I’ve been reading Lies My Teacher Told Me: Everything Your American History Textbook Got Wrong during my hour-long commutes in London. It’s a survey of American history textbooks, and everything that’s wrong with them: myth-making, hero-worshipping, downplaying slavery and racism, and denying the cultural and historical significance of Native Americans among other things. James Loewen is so spot-on with his analysis of the current representation of our past: history is written by those in power and for those in power. And those in power like to conveniently sweep all the dirty details under the blanket of American exceptionalism (or national culture/identity). George Orwell in 1984 says,
Who controls the past controls the future; who controls the present controls the past.
And the easiest and most insidious way of controlling the past, present, and future is through textbooks. A great article by the Economist explains why textbooks are so important in shaping national culture and identity, and how they become a foreign policy concern.

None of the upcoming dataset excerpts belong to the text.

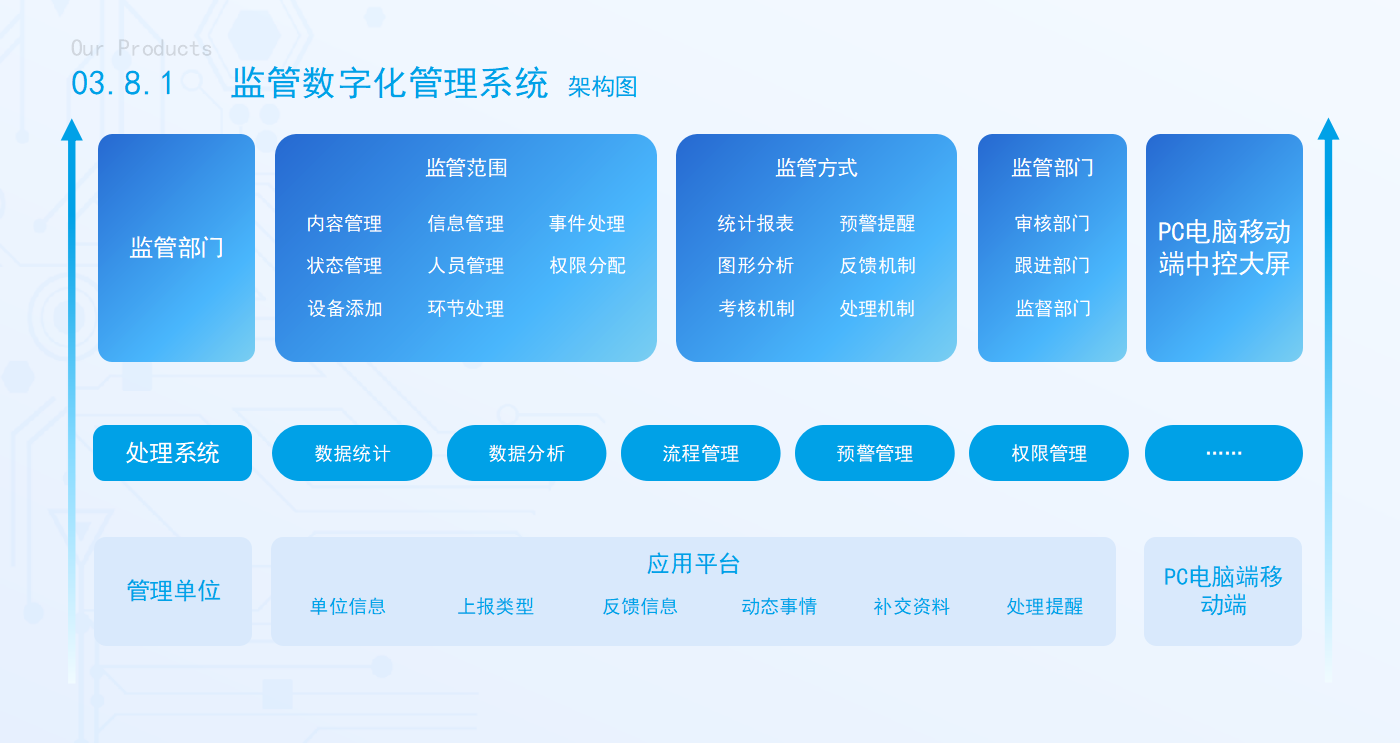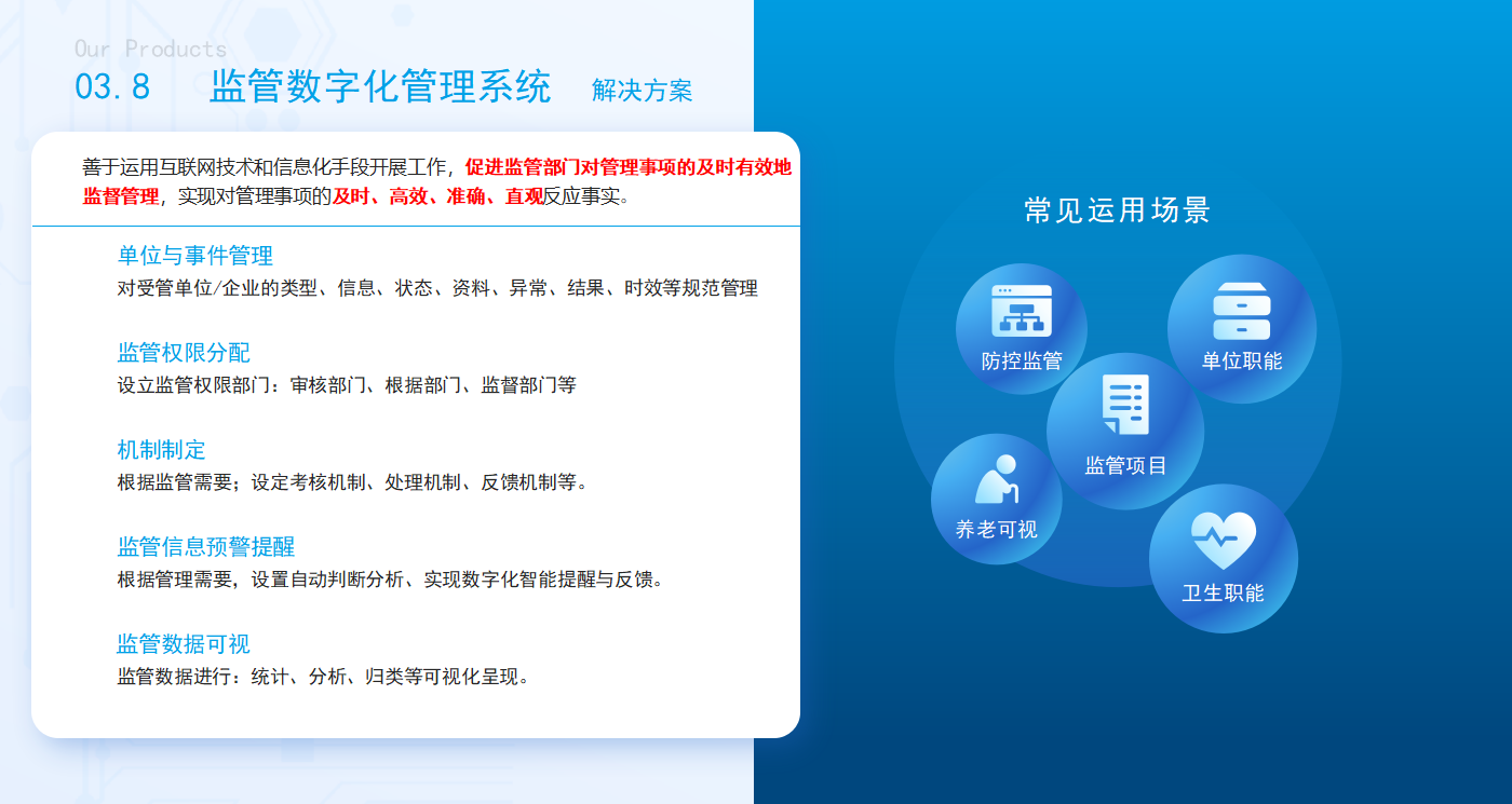 總結:數字化監管管理系統是一個集“對象管理、智能預警、流程協同、數據分析”于一體的綜合性監管解決方案。它不僅是工具,更是推動監管體系和監管能力現代化的“核心引擎”,助力監管部門在數字時代實現更高效、更公平、更智慧的治理。
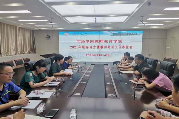 9月14日,金沙威尼斯欢乐人城在格致楼907会议室召开2021年服务地方暨教师培训工作布置会。会议由院长邓琴主持,教院办公室主任韦晓燕、初等教育系主任樊仲光、学前教育系主任黄怡冰等教师参加了会议。
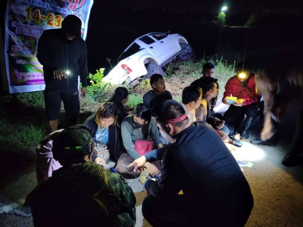 โดยระหว่างการหลบหนี รถกระบะได้ เสียหลักตกข้างทาง บริเวณบ้านสลองคอง ม.3 เมื่อเจ้าหน้าที่รุดเข้าตรวจสอบ บุคคลที่นั่งอยู่ภายในรถได้พากันวิ่งหลบหนี ออกจากรถทันทีอย่างรวดเร็ว เจ้าหน้าที่ได้ออกติดตามควบคุมตัวผู้ที่วิ่งหลบหนี พบว่าเป็นชาวกัมพูชาทั้งหมด 10 คน (ชาย 6 คน หญิง 3 คน และผู้ติดตามเยาวชนหญิง 1 คน) และจากการตรวจสอบรถยนต์คันดังกล่าวพบผู้ขับขี่รถยนต์เป็นชาวไทย ซึ่งถูกเจ้าหน้าที่ควบคุมตัวไว้ได้เช่นกัน โดยรับสารภาพได้รับจ้างขนข้ามแดนจริง
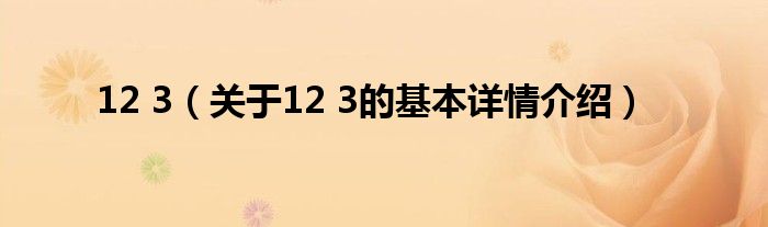 本文关于12 3的基本详情介绍就讲解完毕,希望对大家有所帮助。

Few, if any, instruments shape national culture more powerfully than the materials used in schools. Textbooks are not only among the first books most people encounter; in many places they are, along with religious texts, almost the only books they encounter. A study in South Africa showed that fewer than half of pupils had access to more than ten books at home. In 2010 a study by Egypt’s government found that, apart from school textbooks, 88% of Egyptian households read no books.
Textbooks are often the only source of information and history for students, and because they are written with such authority the content will not be easily questioned. It’s so easy for ideologues to brainwash the next generations when their personal beliefs and values are passed on as unquestionable fact. Also, if the only resource students have is their textbook, they won’t be able to develop the analytical ability that comes from reading widely and critically.
But there’s still hope for us yet.
The Georg Eckert Institute and the Peace Research Institute in the Middle East produced a joint textbook of Israeli and Palestinian history in 2008. It’s a really interesting concept, where the same events are told from Israeli and Palestinian perspectives on opposite pages, with space in between for students to write their reactions to the two histories. This kind of textbook teaches students that there are always two – very often multiple – contrasting versions of history, which will hopefully encourage tolerance. Unfortunately, the textbook is not currently used (at least officially) in Israel or Palestine.
Then there’s the Internet, the great equalizer. At least when your government doesn’t block sites because they are “corrupting the minds of the youth” or they “go against the national character” (China, Iran, I’m looking at you). And when you already have a filter of sorts to distinguish between reputable sources and bullsh*t sources. I would say when you have the ability to distinguish between fact and opinion, but that may be asking for too much considering our senior politicians and leaders can’t seem to do that (ahem, male members of the Republican Party?). But at least you can Google a historical event and find differing opinions, and maybe even filter out the most likely version.
In terms of how this relevant to my work, it’s not really. At least not directly. Using a textbook to teach a language is a bit different than using one to teach history, and in any case I don’t use the government-issued English textbooks because they are quite frankly terrible. It’s like a semi-trained parrot dictated the book. But I wonder about the history and language textbooks in Kurdish, what they include and how they portray Kurds, Kurdistan, and their neighbors. There is probably more ideological dissemination in the Kurdish textbooks than in other countries, because the Kurdish national identity remains threatened.
I’ll either have to learn enough Kurdish to read the textbooks myself, or like a smart person would do, just ask someone who can read Kurdish. In the meantime, any thoughts, comments, enlightenments?